━━━━━ Supplied records ━━━━━

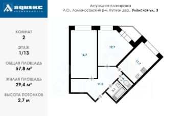 Общая площадь - 57,8 кв. м. Жилая - 29,6 кв. м.
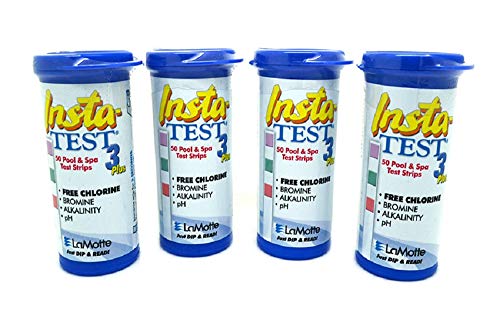 LaMotte 3-vägs Insta testremsor plus för simbassäng och badtunna spa - klor eller brom, pH och total alkinitet 4 x 50
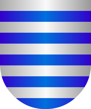 Compuesto de cotizas en banda y barra dejando ver el campo del escudo que recibe así el nombre de fretado. Presenta tres cotizas en banda y tres en barra.
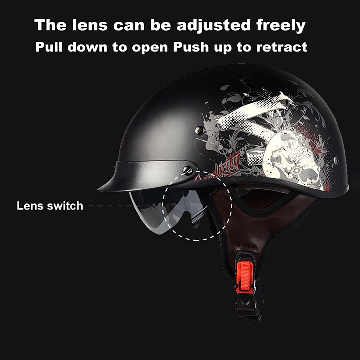 Casque Bol Moto Bols Rétro Adultes Casque Cuir Open Face Demi-Casque Casque 3/4 Moto Scooter Demi Casque De Moto, Casque Jet Rétro, Casque Bol Moto Homologué ECE Casque Homologué ECE DOT ✔ APPLICABILITÉ : Moto, Moto, Motard, Cruiser, Chopper, Scooter, Skateboard, Cyclisme, Jet, Pilote, Casque de Tourisme, pour adultes, jeunes, hommes, femmes. ✔ MATÉRIAU Fabriqué en composite renforcé de coque ABS, traitement de surface de revêtement écologique. ✔ CASQUE DE MOTO : Ce casque est conforme aux normes de sécurité DOT/ECE. Casque de moto professionnel : le casque est conforme aux normes de sécurité DOT/ECE. · ➤➤ Coque de haute qualité Il constitue un outil de sécurité essentiel pour vos activités de plein air. Tous Nos Casques Moto Vintage Sont Homologués CE Et Répondent Aux Dernières Exigences En Matière De Sécurité. Le Casque Jet Rétro Vous Offre Une Sensation... ✔ CONCEPTION LÉGÈRE : Le poids du casque réduit la fatigue causée par la pression nerveuse pour les motocyclistes longue distance ou les cyclistes urbains. ✔ BOUCLE RAPIDE : Système de boucle à dégagement rapide, offre une protection parfaite, donne beaucoup de plaisir à votre conduite.
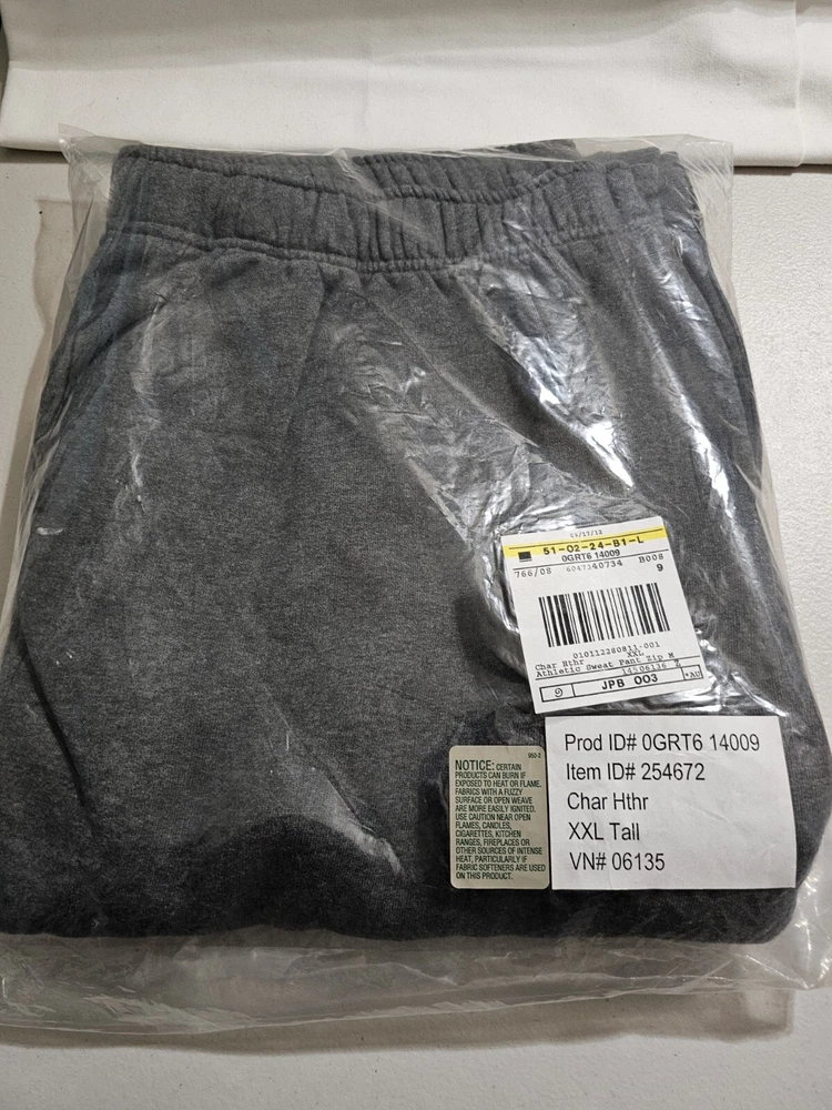 Men's LL Bean XL TALL Charcoal Heather sweatpants with zipper and button closure and zipper at ankles. New in package. I removed from package to measure and take pictures. Waist: 42" Inseam: 34" Returns accepted within 30 days in same condition as purchased. Buyer pays return shipping. Shipping USPS ground.

━━━━━

*Task details:* Although pictures appear among the entries, please set down only the lines from the one with "LaMotte 3-vägs Insta" up to and including the one with "Compuesto de cotizas", word for word.

*Response box:*
 LaMotte 3-vägs Insta testremsor plus för simbassäng och badtunna spa - klor eller brom, pH och total alkinitet 4 x 50
 Compuesto de cotizas en banda y barra dejando ver el campo del escudo que recibe así el nombre de fretado. Presenta tres cotizas en banda y tres en barra.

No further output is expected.